Due to the global impact of the Russian invasion of Ukraine, Teagasc today (Wednesday, April 13) published a revision of its annual Situation and Outlook for 2022, which was released in December.

In the report, Teagasc economists warn that a drop in average family farm income is “now highly likely” in 2022 as output prices will fail to offset rising production costs.

The war has led to “a sharper and more widespread increase in farm input prices in 2022, than had been anticipated at the end of 2021”.

The economists said income is expected to drop by 25% on cattle rearing farms and by 16% for other cattle enterprises.

calf tb model science farming

Commenting on the report, the IFA Livestock Committee chair called on Minister for Agriculture, Food and the Marine Charlie McConalogue to take “immediate action”.

“Suckler and beef farms are facing a significant drop in income this year, which will have severe implications for the sector if urgent supports are not provided.

“Production costs on suckler and finishing farms are projected to increase by 24% and 30% respectively,” Brendan Golden stated.

“The low-income suckler and beef sector does not have the capacity to absorb this level of disruption.

“The Minister for Agriculture must come forward with immediate direct supports and commitments for the sector to off-set these production cost increases and uncertainties to allow suckler and beef farmers plan with confidence for this year and into the future.”

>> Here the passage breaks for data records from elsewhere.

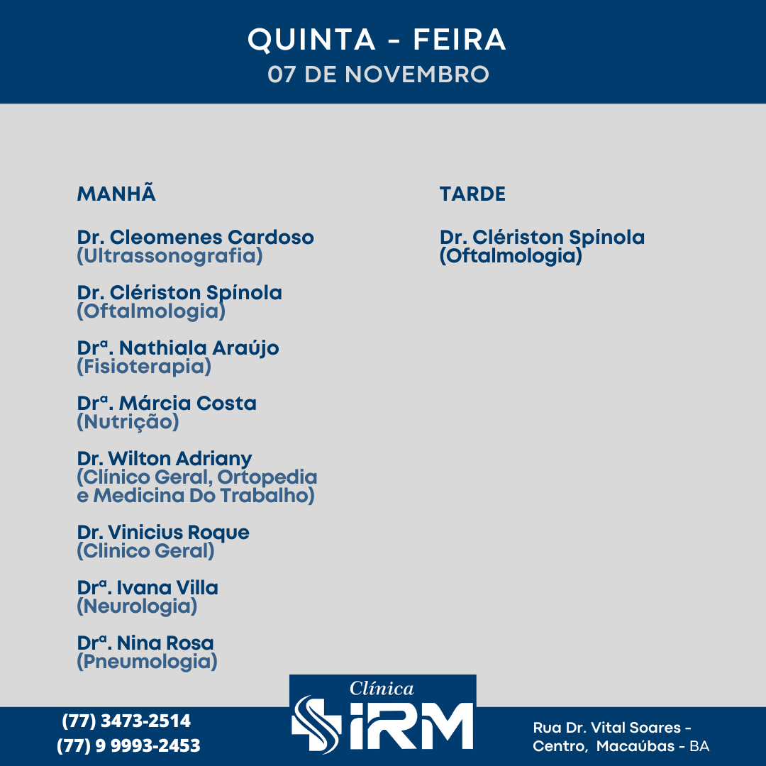 AGENDA SEMANAL DE ATENDIMENTO – MÊS DE NOVEMBRO NA CLÍNICA IRM – MACAÚBAS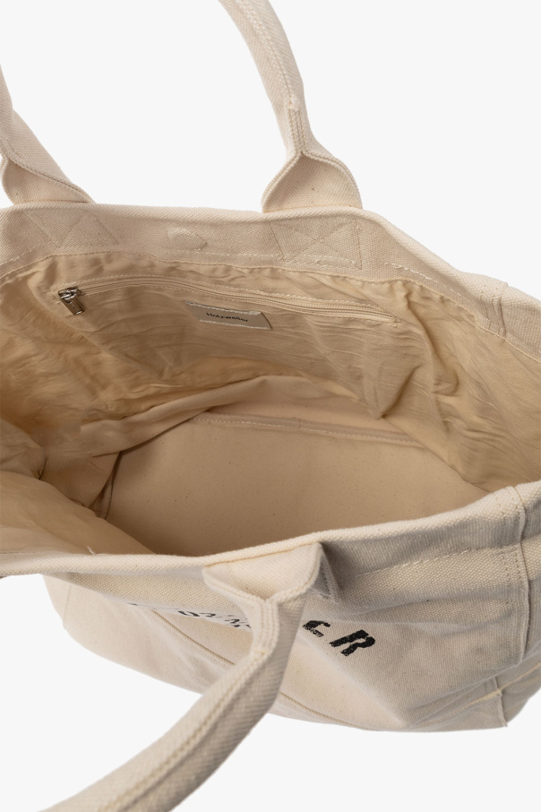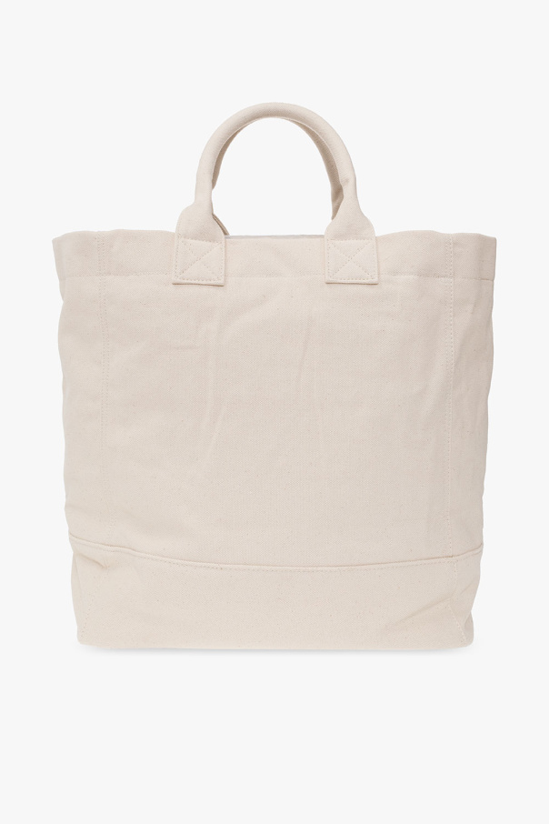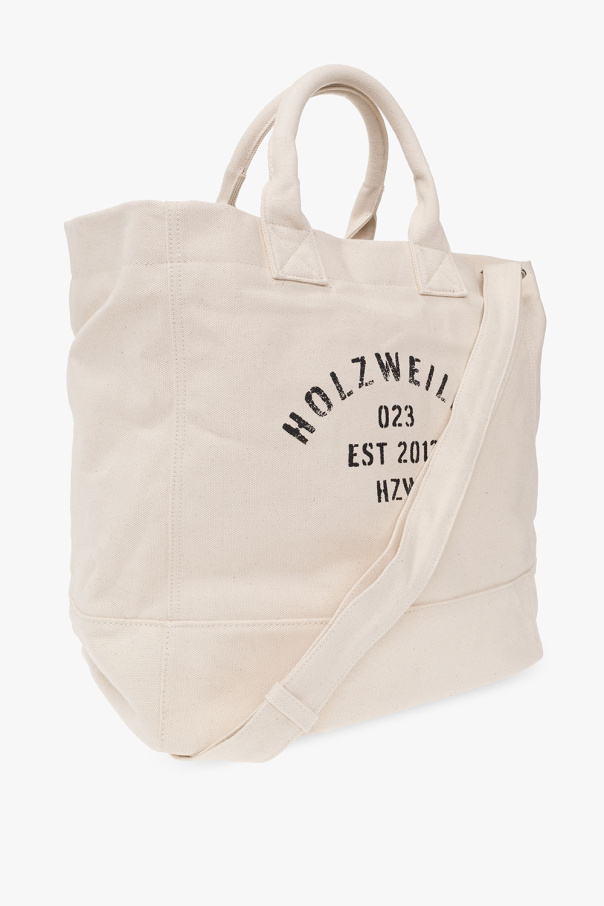 Beige 'Nordkapp' shopper bag from Holzweiler. Crafted from cotton canvas, this design secures with a magnetic fastener and features a printed black logo, two half-round handles, a detachable and adjustable shoulder strap, silver-tone metal hardware and one internal compartment with a zip pocket.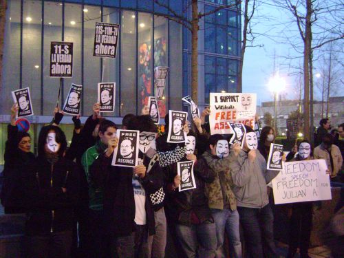 La concentración contra la detención de Assange me resultó, el otro día, igualmente demoledora. O más. Caretas –bebidas en la cultura audiovisual, me explican- para jugar a protestar. En el debate de El País del martes, otro joven –menos que todos estos- me abordó, sin presentarse, para decirme que no espere gente en la calle (que no la espero, lo he dicho muchas veces, hay que buscar otras formas), “la batalla se da en Internet”, dijo, «¿a golpe de clic?»y, él respondió ofendido: esto termina por llevar, con la amplificación del mensaje, a acciones como las de los hackers. En ese debate sí había jóvenes, eran mayoría de hecho. Desorientados y rabiosos algunos de los que hablaron.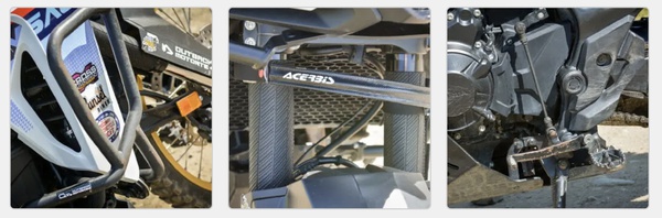 フロントカウルには転倒時にカウル破損を防止するガードが装着されており、傷やサビからこれまで走ってきたオフロードの激しさを物語っています。 フォークにはカバーと同時に、転倒した際やバイクが埋まってしまった際に引き起こしで使えるバンドを装着。 また細かい部分ですがオフロードブーツを履いての操作性を上げるためにシフトレバーを数ミリ延長するなど、ヨッチンさんならではの仕様になっていました。 他にもハンドガードや転倒しても割れにくいミラーなど、本気でオフロードを走れる仕様に仕上がっています。

Golden suggested that money clawed back under the Beef Exceptional Aid Measure (BEAM) could be used to help the sector. He also pointed to the Brexit Adjustment Reserve as a method of funding direct supports. 

“The livestock sector is a low-income sector dependent on direct payments for 160% of family farm income (FFI).

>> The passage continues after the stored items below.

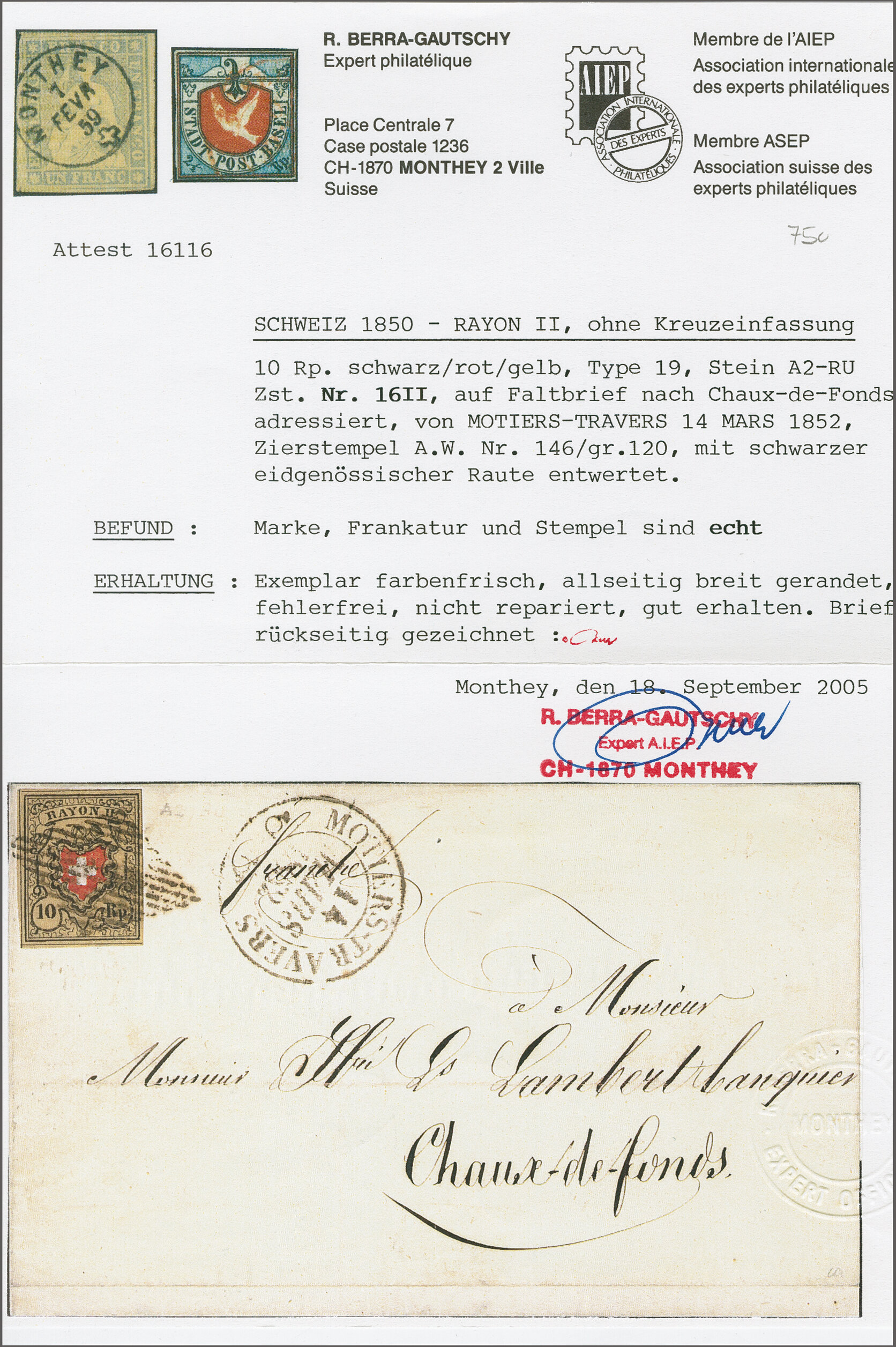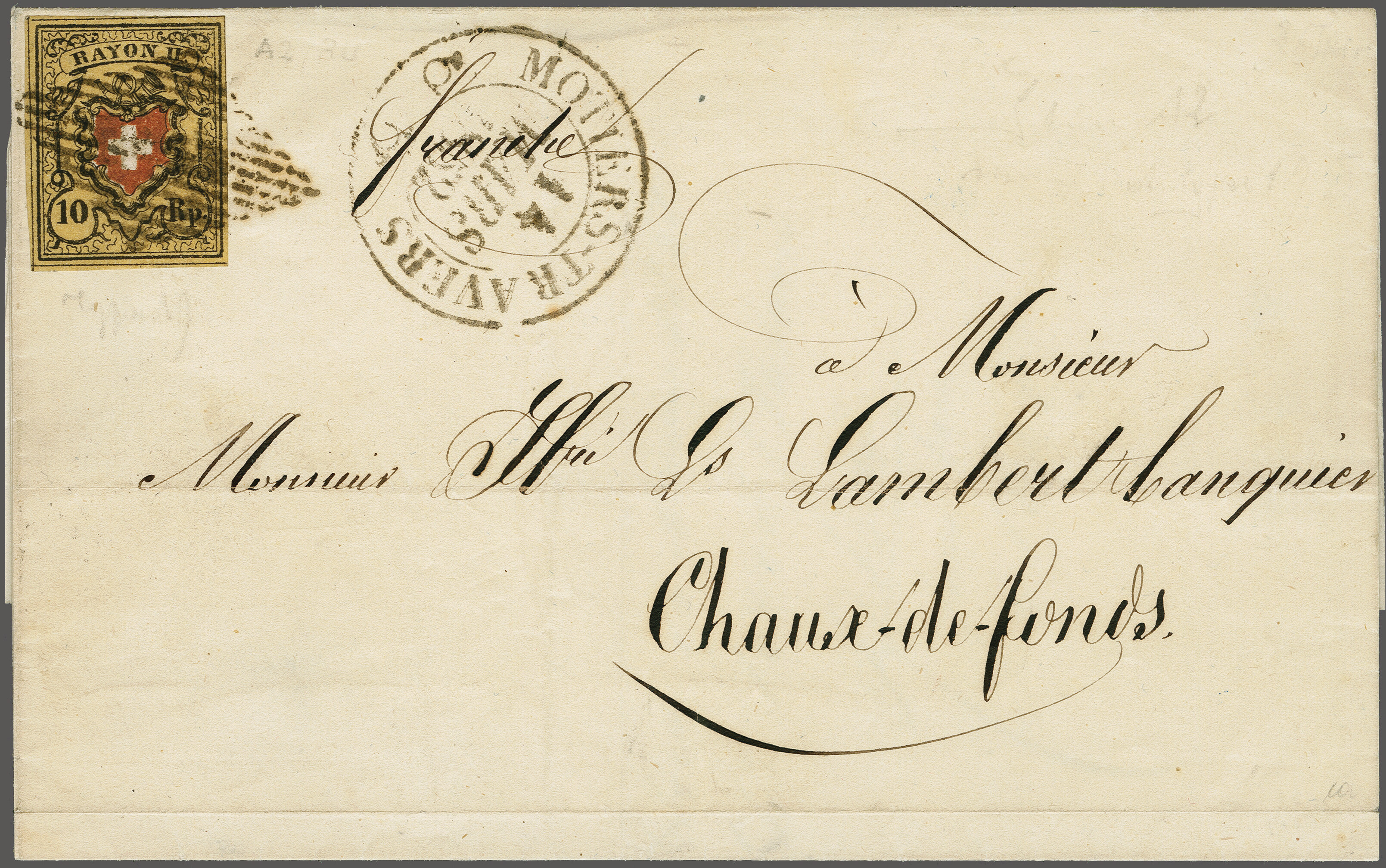 Stein A2: Type 10 r/u, farbfr. und breit- bis überrandig, klar und übergehend entw. mit schwarzer eidg. Raute und nebenges. gr. Zierkreisstp. "MOTIERS-TRAVERS 14 MARS 1852" auf Faltbriefhülle nach La Chaux-de-Fonds. Rücks.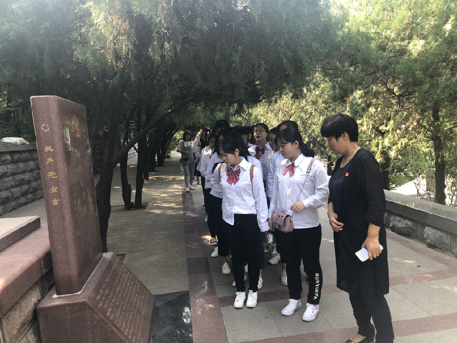 青松肃穆,翠柏低垂。在革命烈士纪念群雕前,全体师生庄严列队,肃立默哀,以表达对革命烈士最崇高的敬意。随后缓步进入墓园,怀着沉痛的心情瞻仰烈士墓碑,祭奠烈士英灵,感受当年的峥嵘岁月,体会先烈们的爱国情怀。在巍然矗立的英雄山革命烈士纪念塔前,全体党员和共青团员重温了入党、入团誓词,在庄严的宣誓声中再次表达了为党的事业奋斗终身的坚定决心。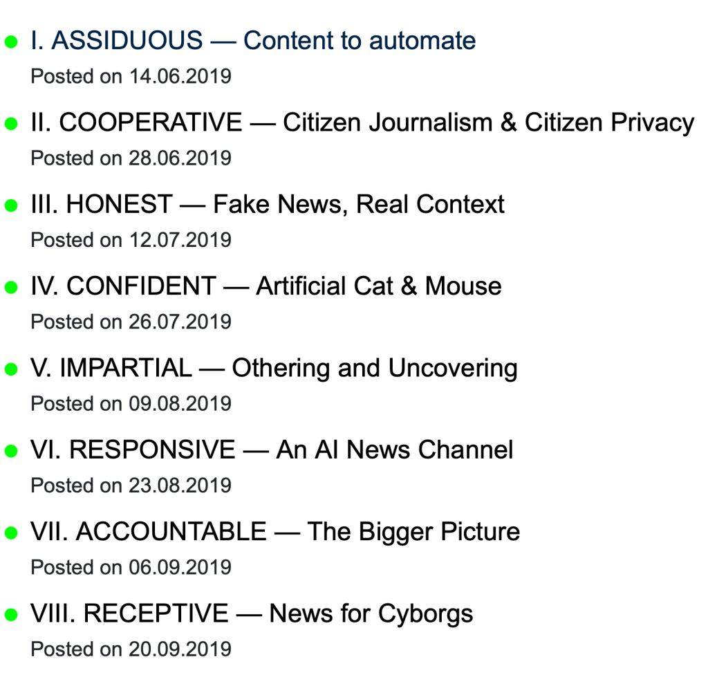 Research essays and a summary article that outline the automating techniques being deployed in the immediate future of mainstream news, including AI content-checking and fabrication, user-generated content sorting, and breaking through filter bubbles.

“Recent developments place even more significance on the value of these supports and bring the flawed Common Agricultural Policy (CAP) sharply into focus where our most productive suckler and beef farmers will see their payments slashed in 2023 if not amended.

“Suckler and beef farmers have already felt the impact of sterling volatility following the Brexit vote and market disruption from stockpiling of products in December 2020, which led to beef price drops in early 2021,” the IFA representative said.

Golden also called on meat factories to return the full value of the “current buoyant beef trade” in prices.

“It is critical suckler and beef farmers are given a clear signal of short, medium and longer-term support to continue to produce beef at the highest animal welfare and environmental standards,” he concluded.